[ad_1]
On Saturday, Italian police arrested 19 suspects and dismantled what authorities describe as a criminal organization that was transporting migrants from Afghanistan, Iran, Iraq and Pakistan to Italy and then to northern Europe.
The investigation, led by prosecutors in Catania, Sicily, uncovered a network of rented or stolen dhows transporting migrants to Italy via Turkey and Greece.
Some of them then traveled north to the French border and were smuggled into France by car thanks to human smugglers stationed in border towns, police said in a statement.
Police said the suspects arrested included Iraqi, Afghan and Italian Kurds.
One of the alleged group’s rules was in Bari, southern Italy, where forged documents were issued indicating that immigrants had a home, a requirement for obtaining residence permits.

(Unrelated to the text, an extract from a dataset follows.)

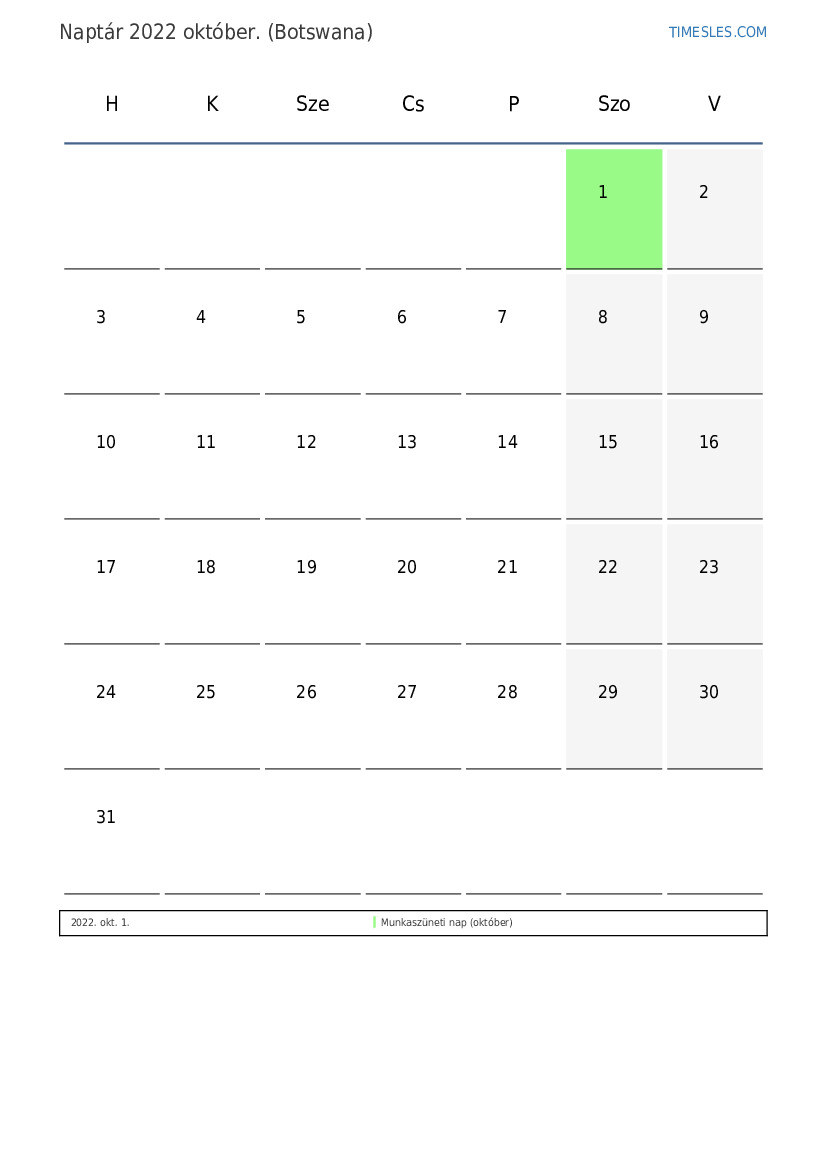 október hónapja 31 nap tartalmaz. Ez 2022 10 hónapja. Az év szezonja: ősz. október hónap szombaton kezdődik és hétfőn ér véget. 2022 október 1 ünnep és szabadnap van Botswanában.

The other bases were in Milan and Turin in northern Italy, as well as in the city of Ventimiglia, near the French border.
Authorities said others allegedly involved in the scheme forged employment contracts so that migrants could apply for permission to reside in Italy.
The investigation began in 2018, after 10 ships arrived near the city of Syracuse, in eastern Sicily. The ships had sailed from Turkey and Greece in the eastern Mediterranean, not from Libya, where most of the hundreds of thousands of migrants had been leaving for Italy for years in smugglers’ ships unfit to sail.
Police said the investigation confirmed the activities of a network of Italians and foreigners, most of whom had residence permits issued on the basis of international protection. The episode was “dedicated to facilitating the entry, stay and transit to northern Europe for immigrants from Iran, Iraq, Afghanistan and Pakistan.”
Police said one of the suspects was about to transfer the migrants from the Ventimiglia train station to France, a smugglers’ destination.
He claimed that a group of pilots associated with sailboats to Sicily received around $ 1,000 (800 euros) per crossing, while each migrant paid around 6,000 euros ($ 7,200) to be illegally taken out of Asia via Turkey and Greece to Italy. .
The police added that the smuggling network infiltrated by the Italian authorities was “an essential link to criminal groups active in Turkey and Greece.”